To do
Pictures are to be omitted, and every entry below is to be restated exactly.

Entries shown
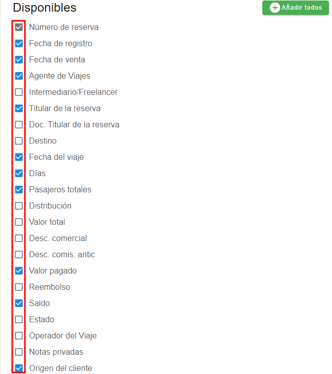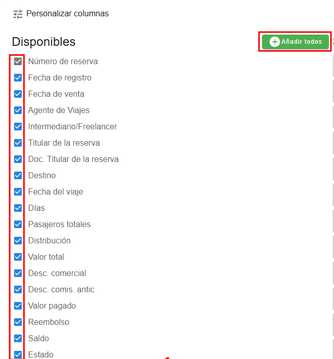 - Una vez entremos podremos seleccionar todas las columnas dando clic en el botón verde que dice Añadir todas, también podemos desmarcar todas las columnas presionando el botón que dice Retirar todas.
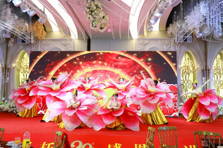晚宴有各子公司選送的精彩歌舞表演,還有總公司員工代表表演的保安形象展示和物業禮儀操,美輪美奐的佳肴與精彩紛呈的演出交相輝映,為嘉賓們呈現了一場視聽盛宴。歌手們的天籟之音、舞者們的曼妙舞姿以及精湛的演藝水平贏得了現場觀眾的陣陣喝彩。激動人心的抽獎環節和紅包環節更是讓幸運兒們收獲了豐厚的禮品和美好的祝福。
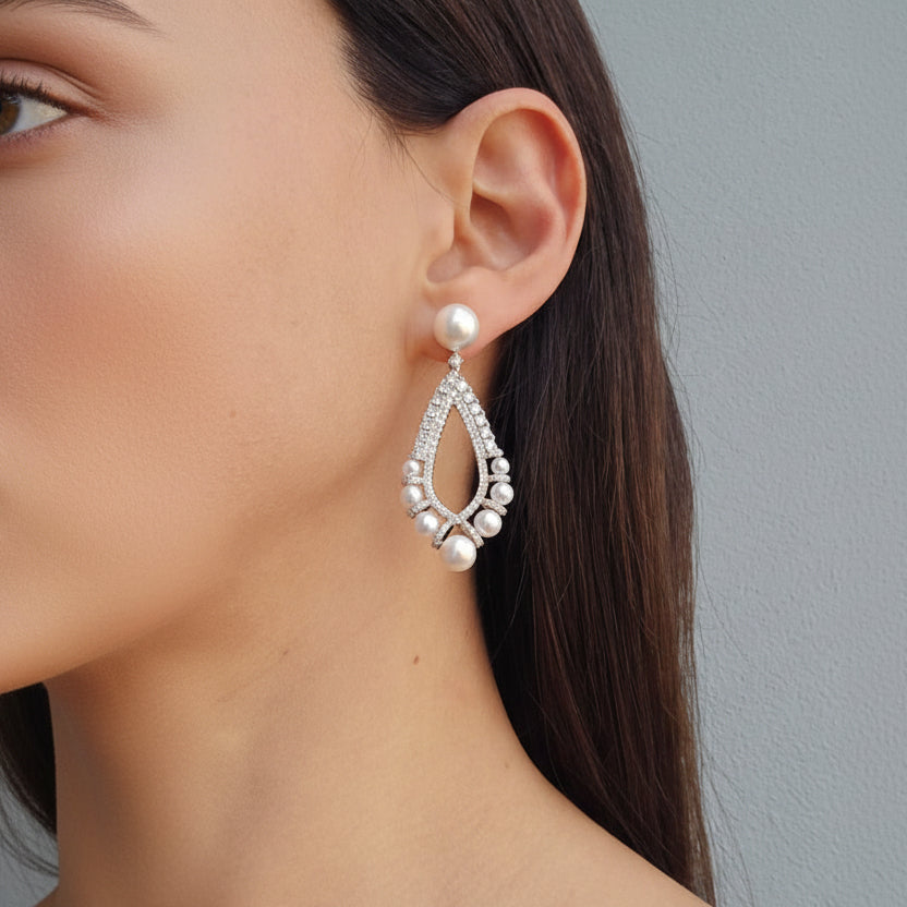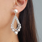 The Orelle Earrings offer an exquisite combination of elegance and timeless beauty featuring stunning teardrop style look filled with crystals and pearls hanging from a beautifully rounded pearl providing a graceful and refined look. Perfect for any special occasion or evening event, these earrings are sure to make a lasting impression.
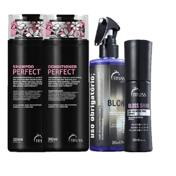 Truss Perfect Kit Shampoo 300ml Condicionador 300ml Uso Obrigatorio Blond 260ml Gloss Shine 90ml
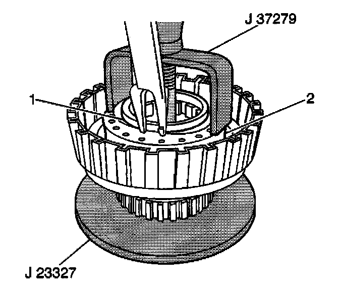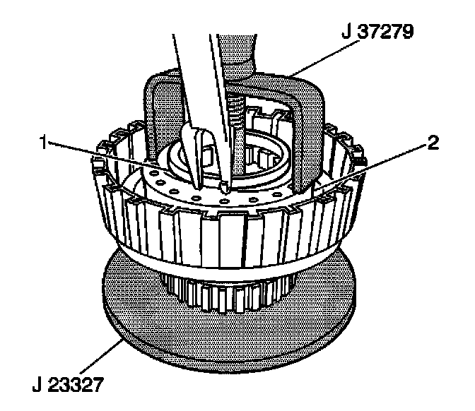 5. Use a J23327 with a J37279 to install the underdrive clutch piston return spring snap ring onto the underdrive piston return spring (2).
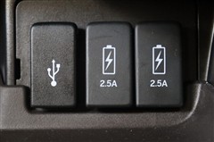 データ転送/給電用と、給電用のUSBポートが装備されています。iPhoneやスマートフォンを繋いで音楽を再生したり、充電したり。車内にあると便利なアイテムのひとつですね!
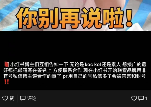 另外一位从事于小红书品牌投放的Ken同样跟记者无奈地说:“目前小红书平台私聊禁言的规定,在去年年初的时候我们也遇到过,目前只能是通过邮箱以及之前合作过的博主机构相互介绍新的合作对象。本质上还是小红书平台的商业化还不健全,我们只能先这么做。”
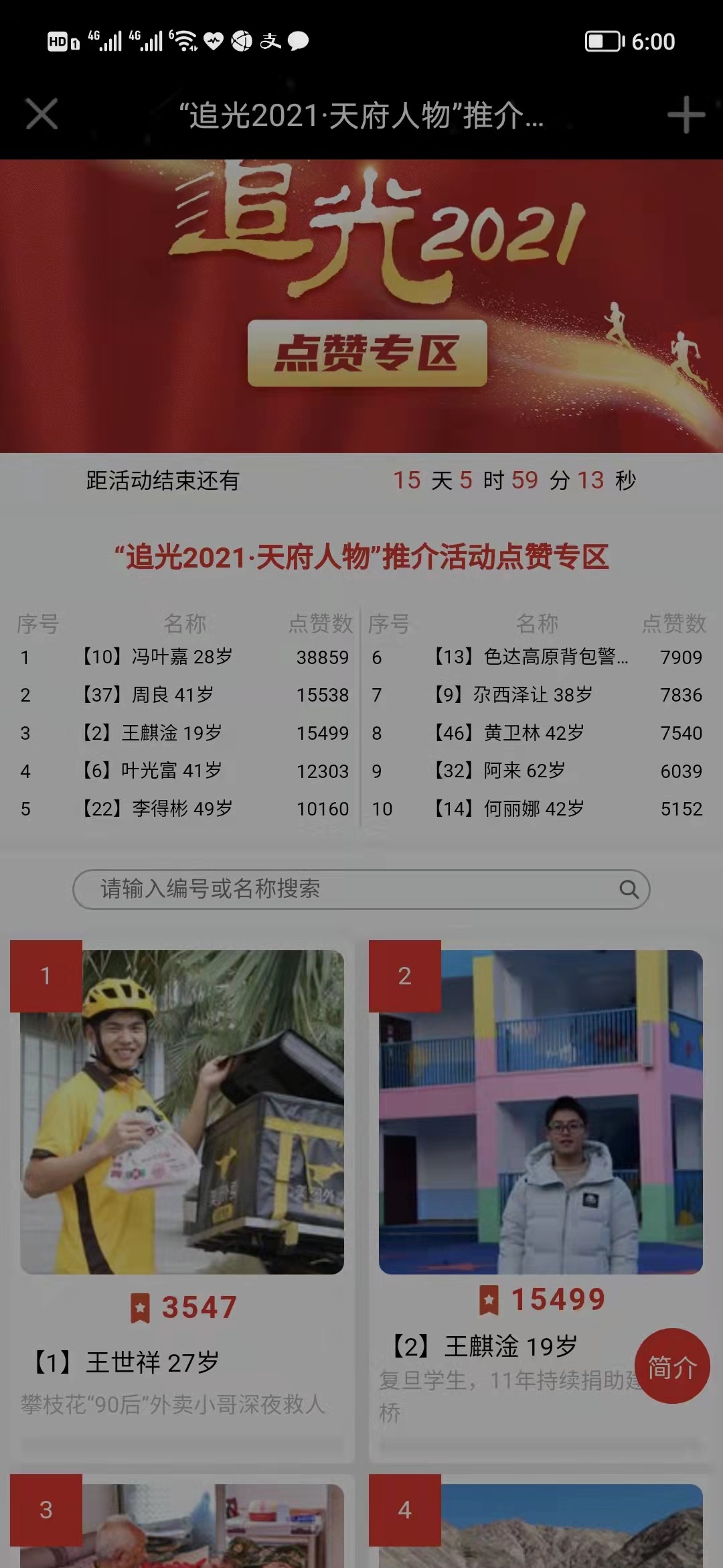 2021年12月底四川日报全媒体发起“追光2021”天府人物推介活动, 社会各界广泛关注、热情参与,全省183个县级融媒体中心联动响应,数十个省级部门、单位携手,大家一起共同寻找2021年里那些温暖四川的平凡英雄。在前期300多人报名的基础上,活动组委会初选出53名候选人进入下一轮的网络点赞环节,目前已有5位候选人点赞数过万。
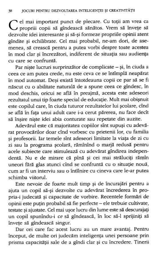 1. Cum stimulați gîndirea independentă ... 37 2. Cum dezvoltați o imaginație bogată ... 49 3. Cum poți fi atent și bun observator ... 6l 4. Cum stimulați o curiozitate arzătoare ... 79 5. Cum dezvoltați o abordare de tip "hai să aflăm" ... 89 6. Cum încurajați originalitatea și creativitatea ... 107 7. Cum să devii inovator și inventiv ... 121 8. Cum să descoperi puterea perseverenței ... 133 9. Cum vă asumați un risc potrivit ... 151 10. Cum să înveți din succese, dar și din greșeli ... 163 11. Cum să deosebești lucrurile cu sens de cele fără sens ... 175 12. Cum să gîndești flexibil ... 195 13. Cum să iei decizii înțelepte ... 207 14. Cum rezolvarea problemelor poate deveni o plăcere ... 215 15. Cum dezvoltați abilitățile sociale ... 235 16. Cum dezvoltați inițiativa și gîndirea anticipativă ... 245

Expected answer
 - Una vez entremos podremos seleccionar todas las columnas dando clic en el botón verde que dice Añadir todas, también podemos desmarcar todas las columnas presionando el botón que dice Retirar todas.
晚宴有各子公司選送的精彩歌舞表演,還有總公司員工代表表演的保安形象展示和物業禮儀操,美輪美奐的佳肴與精彩紛呈的演出交相輝映,為嘉賓們呈現了一場視聽盛宴。歌手們的天籟之音、舞者們的曼妙舞姿以及精湛的演藝水平贏得了現場觀眾的陣陣喝彩。激動人心的抽獎環節和紅包環節更是讓幸運兒們收獲了豐厚的禮品和美好的祝福。
 The Orelle Earrings offer an exquisite combination of elegance and timeless beauty featuring stunning teardrop style look filled with crystals and pearls hanging from a beautifully rounded pearl providing a graceful and refined look. Perfect for any special occasion or evening event, these earrings are sure to make a lasting impression.
 Truss Perfect Kit Shampoo 300ml Condicionador 300ml Uso Obrigatorio Blond 260ml Gloss Shine 90ml
 5. Use a J23327 with a J37279 to install the underdrive clutch piston return spring snap ring onto the underdrive piston return spring (2).
 データ転送/給電用と、給電用のUSBポートが装備されています。iPhoneやスマートフォンを繋いで音楽を再生したり、充電したり。車内にあると便利なアイテムのひとつですね!
 另外一位从事于小红书品牌投放的Ken同样跟记者无奈地说:“目前小红书平台私聊禁言的规定,在去年年初的时候我们也遇到过,目前只能是通过邮箱以及之前合作过的博主机构相互介绍新的合作对象。本质上还是小红书平台的商业化还不健全,我们只能先这么做。”
 2021年12月底四川日报全媒体发起“追光2021”天府人物推介活动, 社会各界广泛关注、热情参与,全省183个县级融媒体中心联动响应,数十个省级部门、单位携手,大家一起共同寻找2021年里那些温暖四川的平凡英雄。在前期300多人报名的基础上,活动组委会初选出53名候选人进入下一轮的网络点赞环节,目前已有5位候选人点赞数过万。
 1. Cum stimulați gîndirea independentă ... 37 2. Cum dezvoltați o imaginație bogată ... 49 3. Cum poți fi atent și bun observator ... 6l 4. Cum stimulați o curiozitate arzătoare ... 79 5. Cum dezvoltați o abordare de tip "hai să aflăm" ... 89 6. Cum încurajați originalitatea și creativitatea ... 107 7. Cum să devii inovator și inventiv ... 121 8. Cum să descoperi puterea perseverenței ... 133 9. Cum vă asumați un risc potrivit ... 151 10. Cum să înveți din succese, dar și din greșeli ... 163 11. Cum să deosebești lucrurile cu sens de cele fără sens ... 175 12. Cum să gîndești flexibil ... 195 13. Cum să iei decizii înțelepte ... 207 14. Cum rezolvarea problemelor poate deveni o plăcere ... 215 15. Cum dezvoltați abilitățile sociale ... 235 16. Cum dezvoltați inițiativa și gîndirea anticipativă ... 245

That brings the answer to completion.